Cold like the moon

this skimmed-milk faith
glowing a bit, a movie-god’s halo
(but blue-white, LED, not incandescent)
trembling near nightfall
under sudden river-ice

*

and the reason we want a plot
a cheer-heart resolution
to this hapless wandering
(eat, sleep, cry)—who is writing
your story with its cast of millions
cross-referenced, pronunciation guide
at the end?

*

when we stood, this close
to touching a beauty hauled round
up-horizon, the glow you would know
for all its pits and crags
until you woke again
and lost it

In another time

I am waiting
forest, riverside
where the sky’s color has drained
to fill the trees golden
canopy, hushed, leaf carpet
where the maples lean together
where I last saw the wild rose.
Younger, when I had no heed
for thorns raking flesh
nor savored any delight
but your command
for quest, complete, rewarded.
Never young enough again
for any of your power
to transform these scars
into patience, like tree-roots
sink and drown

Task for a Muse

How do I shout
entwined as I am
about the doorframe
bounded by the step? A thorn
or two to snag passersby
(when one strident voice
is no more heeded than another
or silence) heeded not at all.
I have been rooted
in the earth fluid only
with the wind’s desire
and though I sought voice
after voice, bearing flower fruit
year on year I am nothing
no arms to move you but
my whispered song

 

Cave Voices

1.
We don’t know starlight
so long here in the dark
Stay—the labyrinth is safe
quite safe!
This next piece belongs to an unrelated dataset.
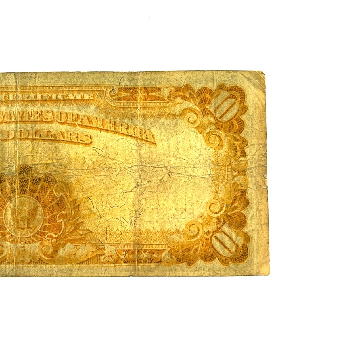 Fine+ Condition. Uneven margins. Edges are sharp with a few minor creases. Several vertical and horizontal folds. Creases and fold lines all over the bill. Minor tears on side margins. Normal discoloration and yellowing from age and use. Staining on both sides of the bill. No graffiti or pinholes. Please review photos carefully and message us if you have any questions or concerns.
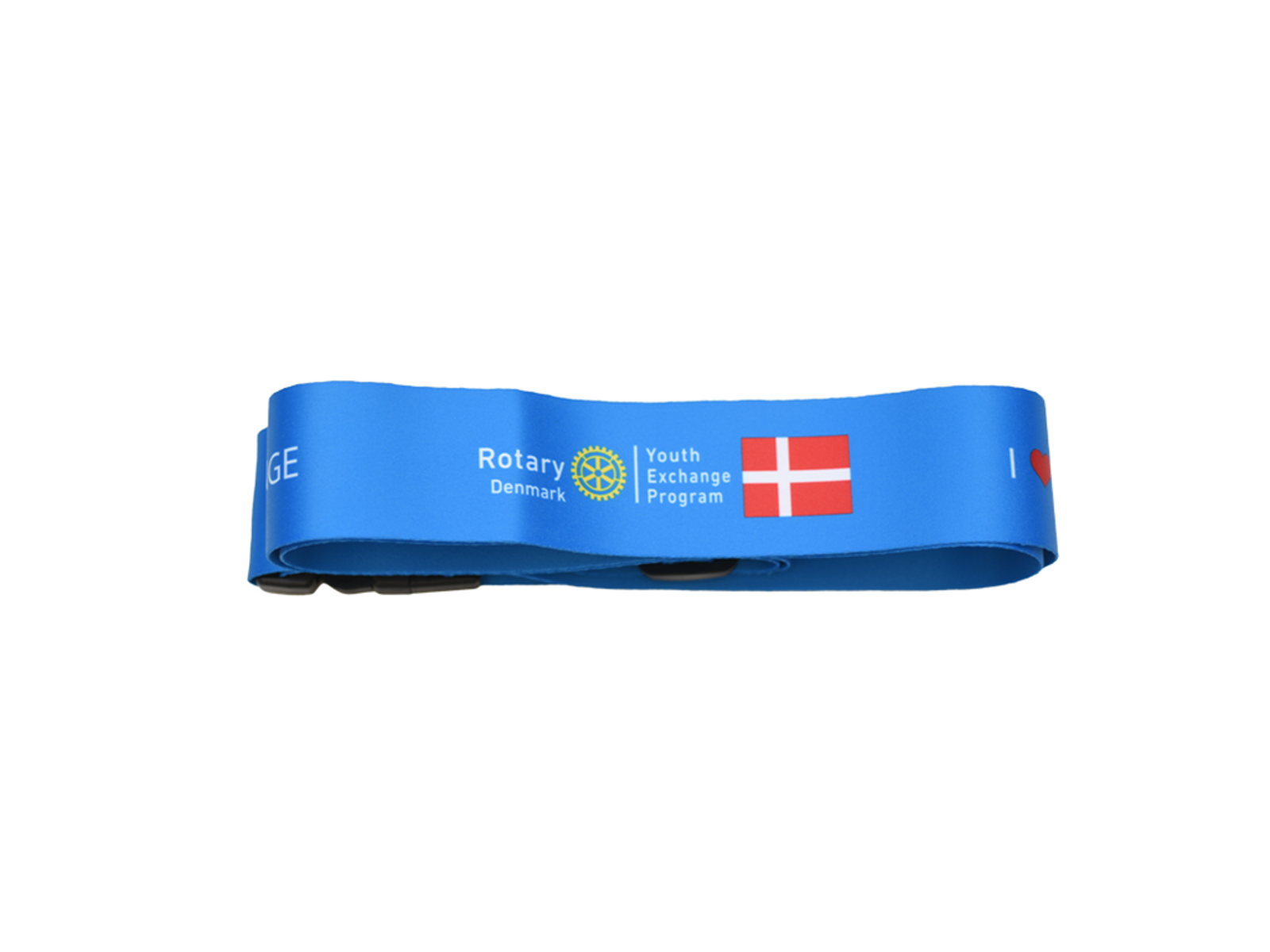 Blåt kuffertbånd med Youth Exchange Program på. Perfekt til dig, der rejser, så du kan spotte din kuffert blandt mængden.

The monster gone
long and long ago
I didn’t mean to say We
I am quite alone

2.
I follow the thread of her voice
her singing in earth-heart
how unlike the glass-chime
grinding of the spheres
in my clockwork daylight
more like breath of stardust
life-ember hum

3.
The labyrinth is endless
and no cheating death

The thread of her voice
all stardust echoes stilled

The monster is still here
rumbling, low and long

A Simple Project

it will become a thing of utility
again, invisible except when needed;
I’ll put it back together tomorrow

you wonder what on earth I’m thinking, tired
of making halfway, but now I’ve started
I ask everyone who passes if it looks good

(sand, wipe, consider; the first brushstroke
is not always the moment of truth
a new can of paint better than a blank canvas)

the prep is the hardest and most boring
part; at least no tools are needed
for disassembly

having started on a winter’s need for change
I had the blank hours and this idea
overconfident of vision

 

NaPoWriMo Day 28! Telling a story in reverse.
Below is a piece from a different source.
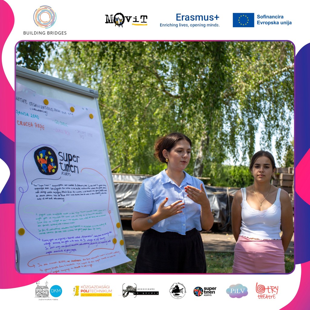 se povežete z ljudmi iz vse Evrope in se na neformalen način učite o kulturi, raznolikosti, sprejemanju, manjšinah in še veliko več. Eden od takšnih projektov je potekal v Sloveniji z naslovom »Gradimo mostove«. Kot pove že ime, je bil cilj projekta zbližati ljudi preko kulture, solidarnosti in umetnosti.
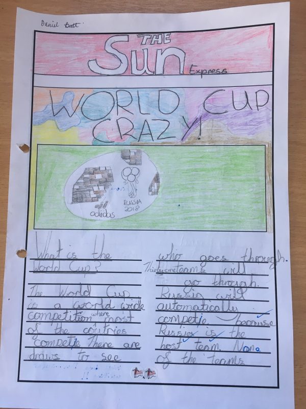 Dan’s World Cup Writing Well done to Dan (Year 3) for writing a newspaper article about the World Cup. Dan was a reluctant writer when he came to us and is now absolutely loving producing pieces of written work. We’re so proud of his progress.

Alas, my good knights be slain away from me

If you want a good tale, Thorn says,
go for betrayal. Man and wife, brother
and brother, student and master.

The very one you trust—he flicks his hand
to show the knife. And so I am on the field
in false armor, not even knowing myself.

The grass, the sun, the banners, the sweat,
the fear. A man may be willing to die
for his friends, but for her? For him?

The queen in white, the field in green, dazzling
golden sun. The hopeful heart, the solemn
pledge: fire and sword, fear.

The Quest Is

In your dream you slept
by the riverbank
and not out of spite
I changed your love
into a flower, simple
bluebell in the forest
swaying daisy in the meadow—
one of a million light-sung flowers
in the hundred greendeep forests
in the thousand sunflood meadows
and how will you find love now
and what if love remained
deep-rooted, rain-thirsting

Camlann, Again

Sands, setting sun, rising
blood-tide; clash and curse
and moan. Even I feel the surge
of joy at the charge, pent anger
cloud-bursting to hack
and sing. This grim violence
ever present: in our bones
the need to fight—
eager!—for any cause
to call someone Other.
She asked you to save
the innocents. There are none
here. From first man to last
we are broken.

Another view, via the Rose-Witch project, of a theme I wanted to explore in the Babylon, Astronomy poem. My take on Camlann is always colored by Tennyson’s imagery in “The Passing of Arthur.”

Misguided

She will chain the moon, pull it out
of season. Ice-shadows splinter
with green-breath promise to end drought.
She will chain the moon, pull it out,
strip autumn’s flaming throne to flout
nature’s sleep, hushed healing winter.
She will chain the moon, pull it. Out
of season, ice-shadows splinter…

A painting-inspired triolet for Jane’s weekly challenge.

Storm Song

I go first into frosted night, flinging charms—seven
words to fend the blizzard whole while moon
sinks into clouds, swallowed in gray velvet

I’ve armed myself in furs; you red-robed in velvet
singing fireside untired, one slight flame against seven
nights of breaking cold, failing moon

No cracks in river ice, unmelted hidden moon
though your steady voice, low velvet
calls the fire. Outside alone I count slowly, seven—

seven nights until moon cuts again through storm-velvet

Thanks to Nathan for the set of tritina words, and to Jenifer, from whose very different and beautiful poem I lifted the blizzard line.